DATA EXTRACT:
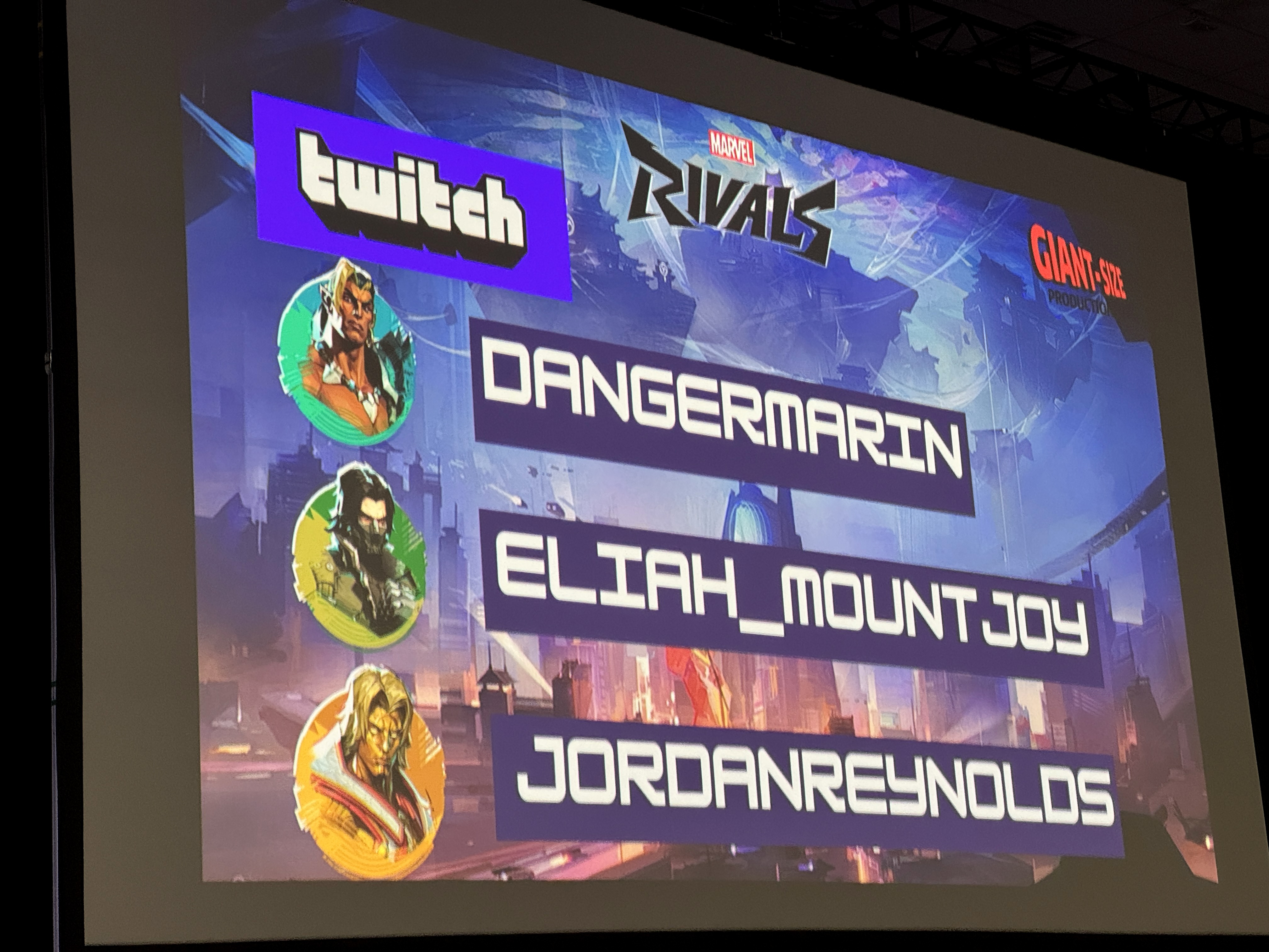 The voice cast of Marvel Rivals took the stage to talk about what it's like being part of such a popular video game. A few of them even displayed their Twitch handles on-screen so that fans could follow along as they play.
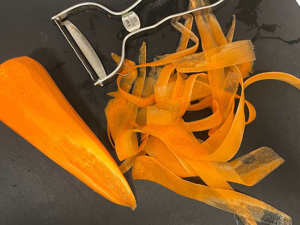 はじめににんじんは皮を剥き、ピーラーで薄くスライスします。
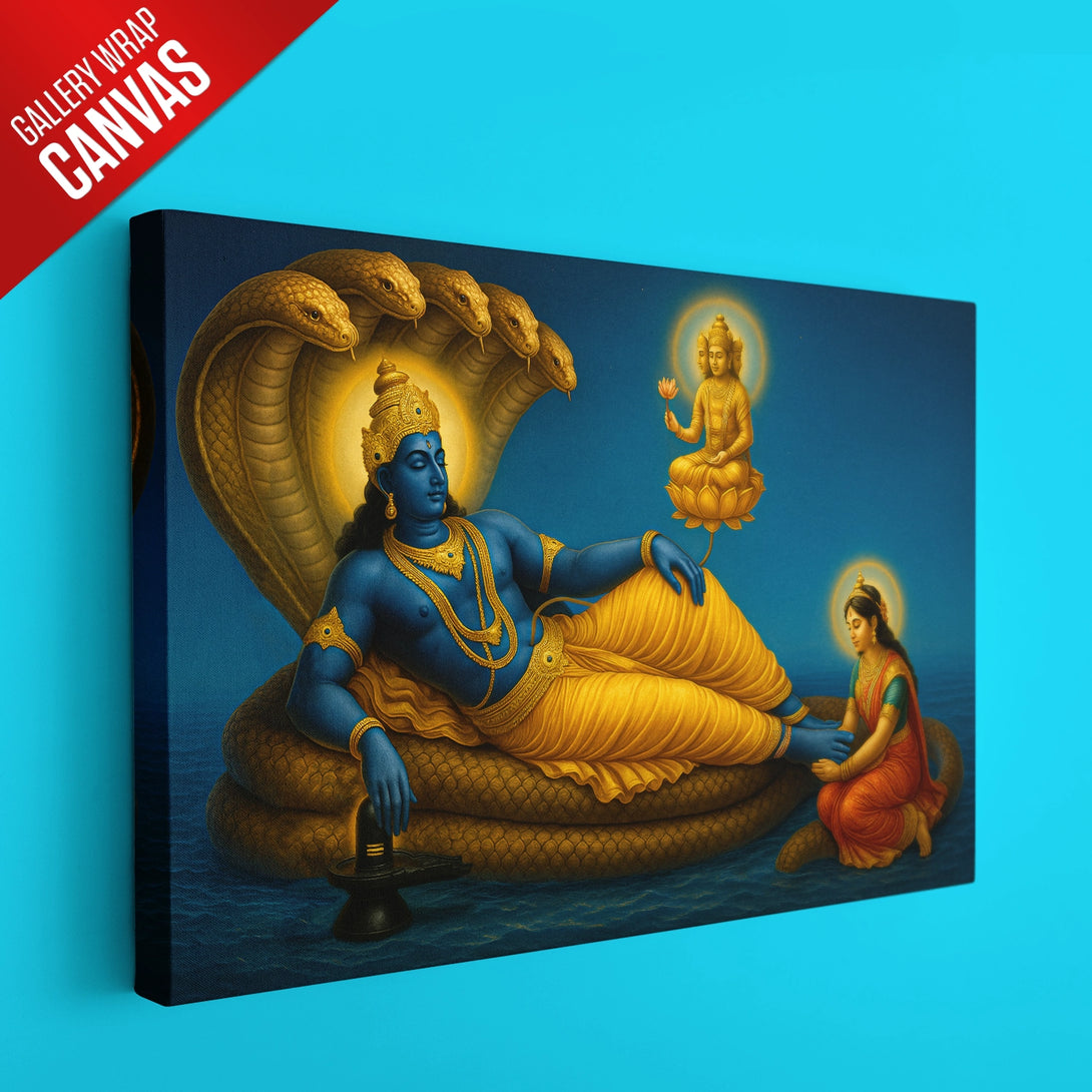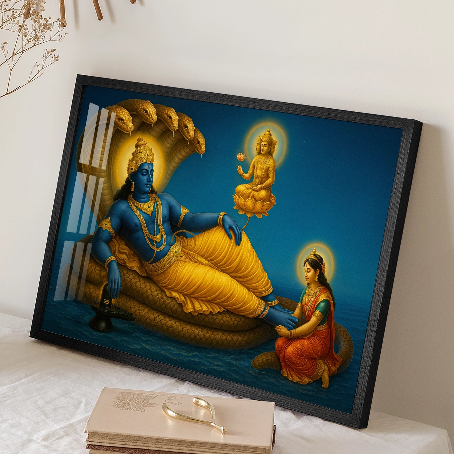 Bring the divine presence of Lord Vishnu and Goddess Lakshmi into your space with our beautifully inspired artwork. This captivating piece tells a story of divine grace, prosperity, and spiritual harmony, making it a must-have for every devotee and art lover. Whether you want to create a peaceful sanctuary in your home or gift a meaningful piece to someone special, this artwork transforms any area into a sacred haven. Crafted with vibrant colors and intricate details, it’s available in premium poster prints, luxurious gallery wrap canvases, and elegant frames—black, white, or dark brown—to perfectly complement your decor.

---

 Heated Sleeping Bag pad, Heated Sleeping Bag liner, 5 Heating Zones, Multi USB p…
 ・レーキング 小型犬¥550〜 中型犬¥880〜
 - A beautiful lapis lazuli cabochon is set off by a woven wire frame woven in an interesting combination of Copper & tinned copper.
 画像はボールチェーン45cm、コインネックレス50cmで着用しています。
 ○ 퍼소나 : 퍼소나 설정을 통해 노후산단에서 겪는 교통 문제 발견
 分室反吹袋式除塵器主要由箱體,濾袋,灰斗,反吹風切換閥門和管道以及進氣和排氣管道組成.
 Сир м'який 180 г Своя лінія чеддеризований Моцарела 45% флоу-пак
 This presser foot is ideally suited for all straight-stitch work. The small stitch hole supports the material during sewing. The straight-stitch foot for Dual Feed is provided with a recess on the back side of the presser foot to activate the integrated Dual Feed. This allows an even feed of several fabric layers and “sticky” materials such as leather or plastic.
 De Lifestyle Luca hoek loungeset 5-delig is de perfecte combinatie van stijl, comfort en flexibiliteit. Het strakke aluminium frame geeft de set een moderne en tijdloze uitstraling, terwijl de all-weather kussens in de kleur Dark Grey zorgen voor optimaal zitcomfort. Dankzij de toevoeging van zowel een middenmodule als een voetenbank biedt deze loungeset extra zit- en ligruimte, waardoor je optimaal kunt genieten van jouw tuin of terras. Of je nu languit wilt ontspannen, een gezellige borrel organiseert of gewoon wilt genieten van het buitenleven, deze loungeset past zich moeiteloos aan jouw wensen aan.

WORK TO BE COMPLETED:
Of the lines above, output exactly those from the line bearing "Сир м'який 180" through the line bearing "This presser foot", inclusive.

YOUR RESPONSE:
 Сир м'який 180 г Своя лінія чеддеризований Моцарела 45% флоу-пак
 This presser foot is ideally suited for all straight-stitch work. The small stitch hole supports the material during sewing. The straight-stitch foot for Dual Feed is provided with a recess on the back side of the presser foot to activate the integrated Dual Feed. This allows an even feed of several fabric layers and “sticky” materials such as leather or plastic.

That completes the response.